→ YOUR INSTRUCTIONS: Beneath this line sits some data. Return only its lines from the one holding "Poses With Gun" through the one holding "據(jù)美國(guó)能源", inclusive, exactly, with the images removed.

→ DATASET EXCERPTS:
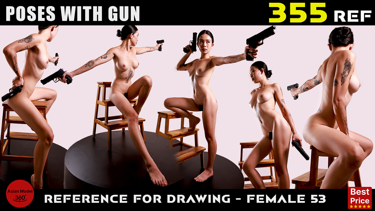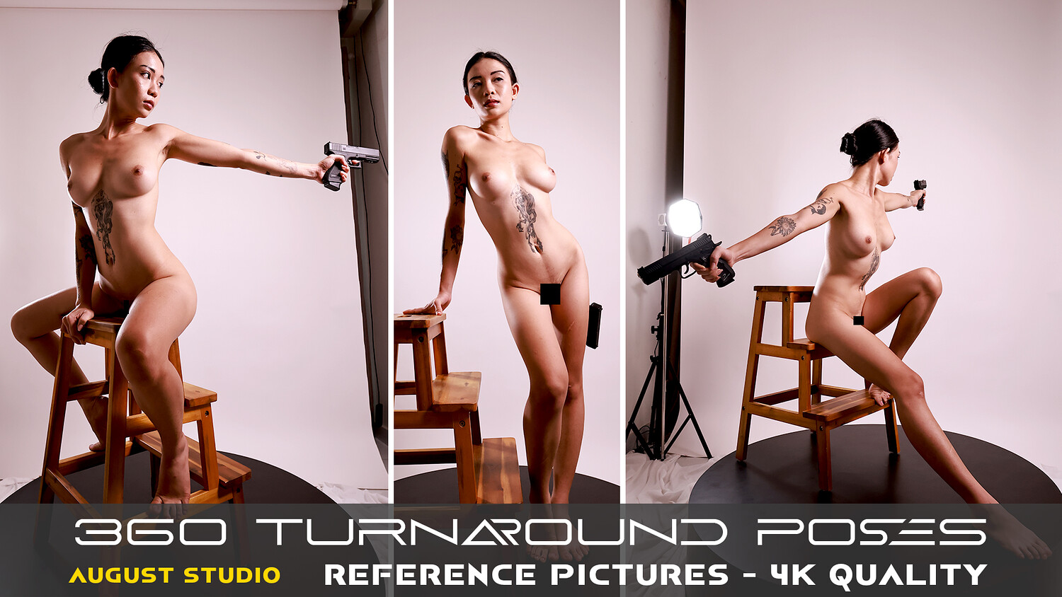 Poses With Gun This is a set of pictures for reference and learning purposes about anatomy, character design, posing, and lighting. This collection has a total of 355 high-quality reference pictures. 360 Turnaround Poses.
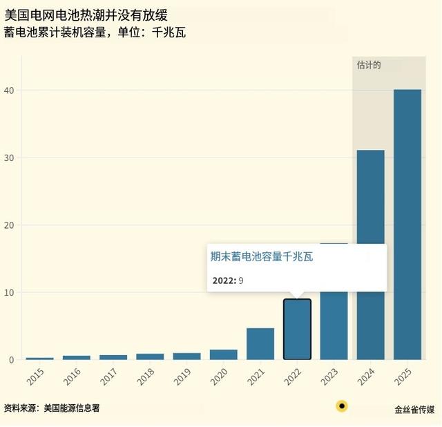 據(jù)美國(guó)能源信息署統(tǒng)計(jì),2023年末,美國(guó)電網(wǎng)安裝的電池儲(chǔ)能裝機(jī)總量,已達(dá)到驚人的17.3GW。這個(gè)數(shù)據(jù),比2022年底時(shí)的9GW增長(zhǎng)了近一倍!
---
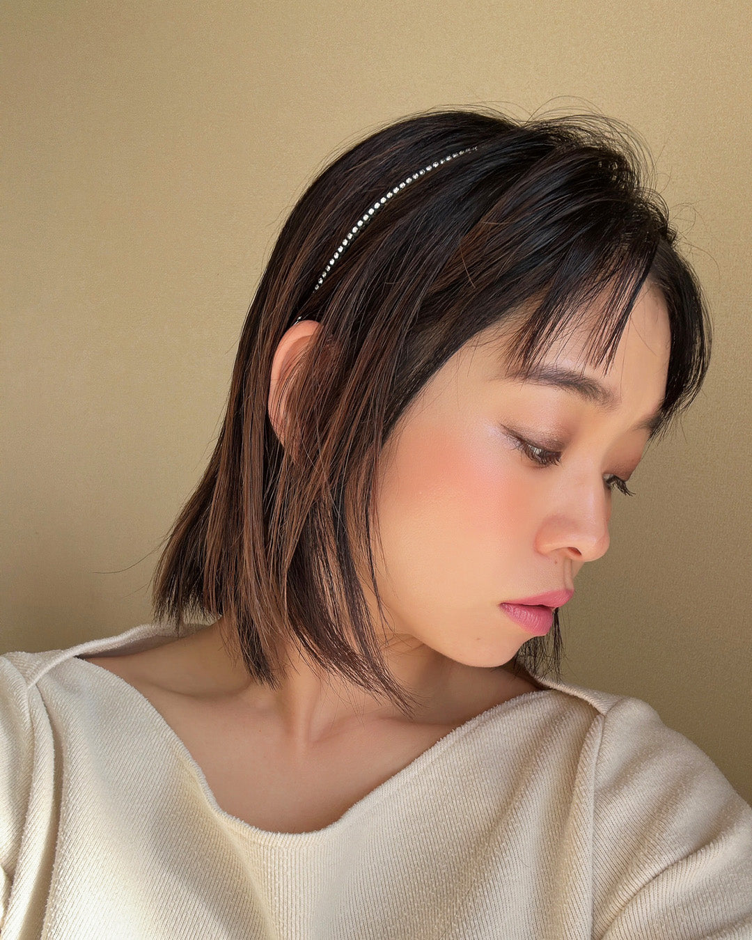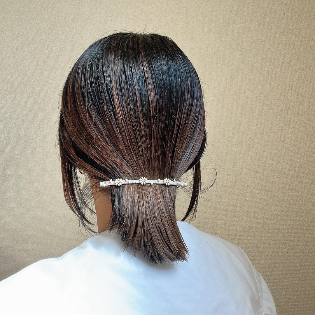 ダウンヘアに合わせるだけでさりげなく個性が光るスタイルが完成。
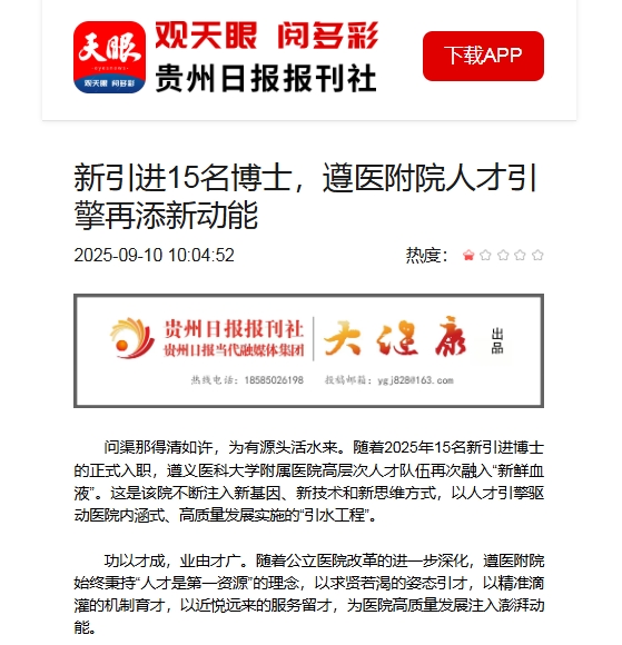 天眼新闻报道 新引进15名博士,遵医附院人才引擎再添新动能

→ YOUR SOLUTION:
 Poses With Gun This is a set of pictures for reference and learning purposes about anatomy, character design, posing, and lighting. This collection has a total of 355 high-quality reference pictures. 360 Turnaround Poses.
 據(jù)美國(guó)能源信息署統(tǒng)計(jì),2023年末,美國(guó)電網(wǎng)安裝的電池儲(chǔ)能裝機(jī)總量,已達(dá)到驚人的17.3GW。這個(gè)數(shù)據(jù),比2022年底時(shí)的9GW增長(zhǎng)了近一倍!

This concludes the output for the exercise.